▶

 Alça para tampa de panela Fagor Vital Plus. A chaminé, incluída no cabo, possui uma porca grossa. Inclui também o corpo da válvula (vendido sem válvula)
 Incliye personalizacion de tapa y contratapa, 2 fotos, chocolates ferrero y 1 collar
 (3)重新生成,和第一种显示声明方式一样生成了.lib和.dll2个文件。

◀
▶

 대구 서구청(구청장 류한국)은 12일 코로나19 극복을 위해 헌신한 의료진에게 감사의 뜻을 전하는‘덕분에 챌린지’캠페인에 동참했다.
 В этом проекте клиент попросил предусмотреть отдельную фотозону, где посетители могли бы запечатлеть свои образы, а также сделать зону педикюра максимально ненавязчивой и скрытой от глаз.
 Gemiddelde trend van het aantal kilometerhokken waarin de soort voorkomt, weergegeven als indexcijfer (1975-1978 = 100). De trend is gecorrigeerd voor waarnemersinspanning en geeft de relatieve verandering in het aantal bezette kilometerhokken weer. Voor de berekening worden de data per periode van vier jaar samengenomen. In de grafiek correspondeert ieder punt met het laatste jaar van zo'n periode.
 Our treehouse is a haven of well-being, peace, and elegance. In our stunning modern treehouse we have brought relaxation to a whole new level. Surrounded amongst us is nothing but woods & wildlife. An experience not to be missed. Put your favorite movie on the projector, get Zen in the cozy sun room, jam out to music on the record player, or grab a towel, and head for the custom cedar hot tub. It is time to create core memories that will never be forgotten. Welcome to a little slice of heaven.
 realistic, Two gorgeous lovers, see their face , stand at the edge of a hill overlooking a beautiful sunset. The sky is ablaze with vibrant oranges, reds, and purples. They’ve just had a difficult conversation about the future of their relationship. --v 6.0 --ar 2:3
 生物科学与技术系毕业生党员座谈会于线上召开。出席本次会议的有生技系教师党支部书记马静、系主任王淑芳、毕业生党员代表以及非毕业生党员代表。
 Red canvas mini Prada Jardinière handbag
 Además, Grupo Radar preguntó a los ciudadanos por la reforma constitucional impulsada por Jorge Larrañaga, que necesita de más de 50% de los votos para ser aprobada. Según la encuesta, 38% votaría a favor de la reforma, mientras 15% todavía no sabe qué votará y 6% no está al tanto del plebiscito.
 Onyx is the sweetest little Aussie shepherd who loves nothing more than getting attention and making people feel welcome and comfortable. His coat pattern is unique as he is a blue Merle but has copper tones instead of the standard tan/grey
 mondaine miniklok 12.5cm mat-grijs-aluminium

◀
▶

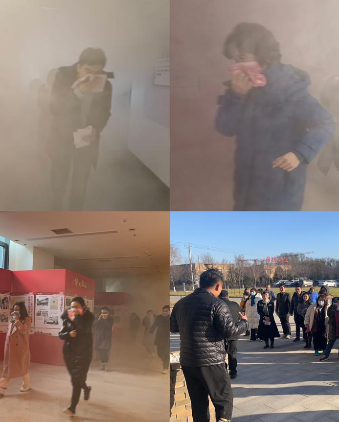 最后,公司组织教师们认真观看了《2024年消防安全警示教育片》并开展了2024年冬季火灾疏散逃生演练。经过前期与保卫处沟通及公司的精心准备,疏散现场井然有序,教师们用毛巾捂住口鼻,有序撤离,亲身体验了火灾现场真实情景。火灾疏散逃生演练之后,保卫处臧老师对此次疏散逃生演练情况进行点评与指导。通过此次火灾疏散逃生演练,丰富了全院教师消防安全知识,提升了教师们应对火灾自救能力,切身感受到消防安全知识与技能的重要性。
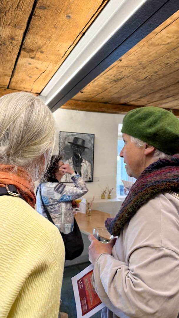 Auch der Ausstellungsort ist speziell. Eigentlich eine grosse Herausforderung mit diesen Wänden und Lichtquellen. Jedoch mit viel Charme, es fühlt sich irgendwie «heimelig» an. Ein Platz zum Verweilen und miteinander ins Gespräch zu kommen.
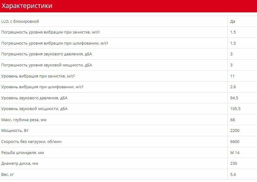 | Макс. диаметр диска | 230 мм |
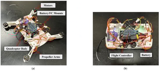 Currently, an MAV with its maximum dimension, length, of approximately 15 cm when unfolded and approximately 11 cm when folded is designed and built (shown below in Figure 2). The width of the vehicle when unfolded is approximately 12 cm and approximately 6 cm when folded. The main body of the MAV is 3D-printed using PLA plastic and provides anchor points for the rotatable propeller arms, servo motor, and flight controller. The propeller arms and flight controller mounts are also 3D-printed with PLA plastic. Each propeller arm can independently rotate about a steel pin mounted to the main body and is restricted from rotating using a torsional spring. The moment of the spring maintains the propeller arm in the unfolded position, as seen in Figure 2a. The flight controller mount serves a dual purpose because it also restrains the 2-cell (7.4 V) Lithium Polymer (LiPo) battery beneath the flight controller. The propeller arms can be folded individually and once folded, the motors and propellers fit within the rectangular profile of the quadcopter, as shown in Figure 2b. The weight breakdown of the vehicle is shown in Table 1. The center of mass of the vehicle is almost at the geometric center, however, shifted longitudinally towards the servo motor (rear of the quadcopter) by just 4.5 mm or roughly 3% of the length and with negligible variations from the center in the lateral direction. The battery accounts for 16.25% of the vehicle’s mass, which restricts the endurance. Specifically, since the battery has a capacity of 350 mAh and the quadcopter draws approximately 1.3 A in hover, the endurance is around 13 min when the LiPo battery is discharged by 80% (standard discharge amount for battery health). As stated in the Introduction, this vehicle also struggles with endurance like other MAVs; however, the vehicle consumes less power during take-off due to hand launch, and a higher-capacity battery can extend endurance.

◀

**PROBLEM DETAILS**
Reproduce exactly the section above that begins at the line containing "Alça para tampa" and ends at the line containing "Incliye personalizacion de", leaving out all other lines.

**EXERCISE RESULT**
 Alça para tampa de panela Fagor Vital Plus. A chaminé, incluída no cabo, possui uma porca grossa. Inclui também o corpo da válvula (vendido sem válvula)
 Incliye personalizacion de tapa y contratapa, 2 fotos, chocolates ferrero y 1 collar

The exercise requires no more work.